Referring to FIG. 6, when the tuner 20 supplies an output voltage to the SCART connector 21 through the adapter 5 in step S1, the SCART connector 21 outputs, at the eighth pin, the output voltage thus received to the voltage divider 23 in step S2. Then, the voltage divider 23 receives the output voltage from the SCART connector 21 in step S3, divides the output voltage into the divided voltage in step S4, and outputs the divided voltage to the ADC pin of the SOC 22 as the voltage signal in step S5. Upon receiving the voltage signal from the voltage divider 23 in step S6, the SOC 22 digitizes the voltage signal into a digital value in step S7, and determines whether the digital value conforms with the default value (i.e., 2.08 or 2.88 in this embodiment) in step S8. If the digital value is 2.08, this indicates that the tuner 20 normally outputs the output voltage of 13V. If the digital value is 2.88, this indicates that the tuner 20 normally outputs the output voltage of 18V. In these two cases, the SOC 22 outputs, via the SCART connector 21, a determination result to the display 31, enabling the display 31 to show a message “pass” thereon. In cases where the digital value is neither 2.08 nor 2.88, it is determined that the tuner 20 abnormally outputs the output voltage, and the SOC 22 outputs, via the SCART connector 21, a determination result to the display 31, enabling the display 31 to show a message “fail” thereon.

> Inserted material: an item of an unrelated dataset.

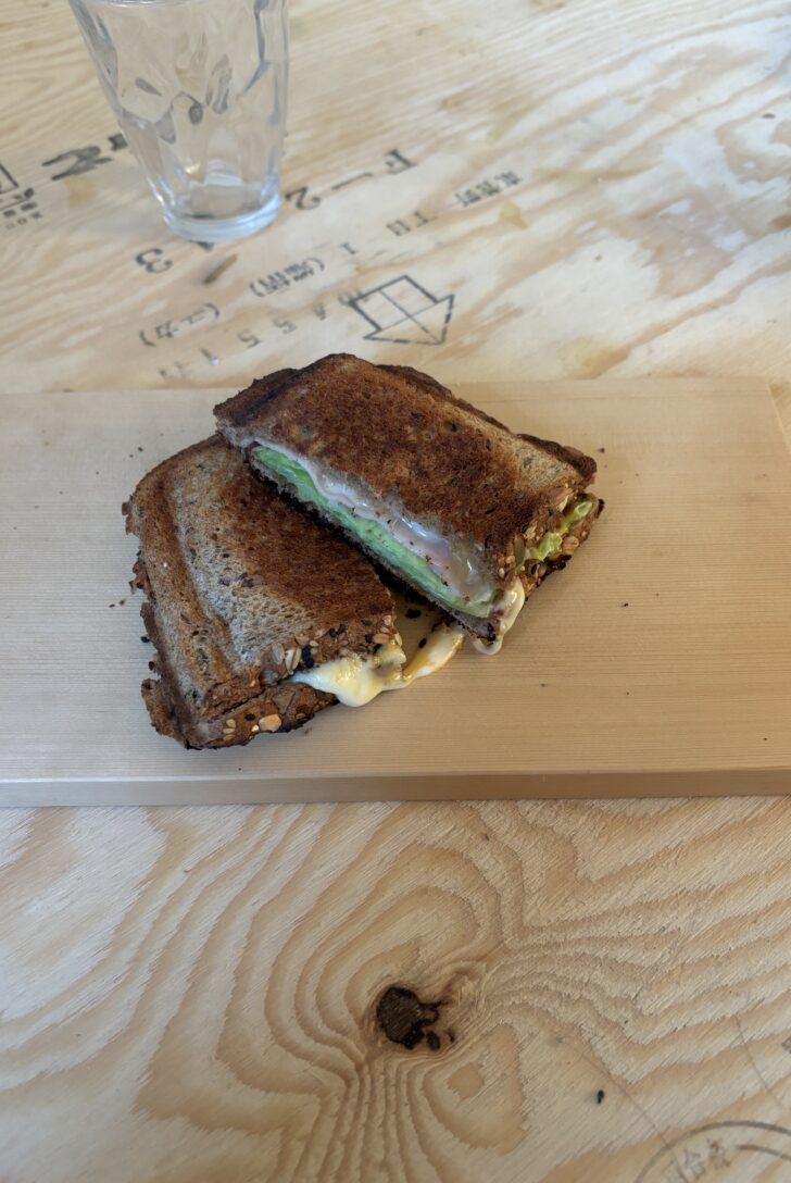 食べない時間を作って腸を休めることで、体にとって良い影響というものがたくさんあると言うことを知ってから数年、朝ご飯はコーヒーだけにして食べない主義であった。しかし、そうなってくると、朝は着替えて歯を磨き、コーヒーを入れたらすぐ仕事に向かうという、健康ばかりを優先してなんだか味気のないルーティーンになってしまっている。もう少し朝から”良い時間”を過ごすということにしたほうが良いのではないかと考えるようになり、最近は朝ごはんを意識的に食べるようにしてみた。コストコで売ってる雑穀パンに、ハム、チーズ、キャベツ、柚子胡椒を載せて、ホットサンドメーカーで焼き上げる。新築住宅で外部建具の枠としてヒバ材を使った時の、ちょうどいい大きさの端材があったので、ピカピカにサンディングしてサービングボードとして活用することにした。QOLが中々に高まった気がしている。

To conclude, in the embodiment of the present invention, the output voltage of the tuner 20 may be transmitted to the SCART connector 21 via the adapter 5, and then, the voltage divider 23 divides the output voltage from the SCART connector 21 into the divided voltage which is suitable for use by the SOC 22. Consequently, the SOC 22 may digitize the voltage signal (i.e., the divided voltage) into the digital value and automatically determine whether the digital value conforms with the default value. By virtue of the DVB-S receiver device 2 of the present invention, manual detection of the output voltage may be eliminated, thereby saving time, cost and manpower.

While the present invention has been described in connection with what is considered the most practical embodiment, it is understood that this invention is not limited to the disclosed embodiment but is intended to cover various arrangements included within the spirit and scope of the broadest interpretation so as to encompass all such modifications and equivalent arrangements.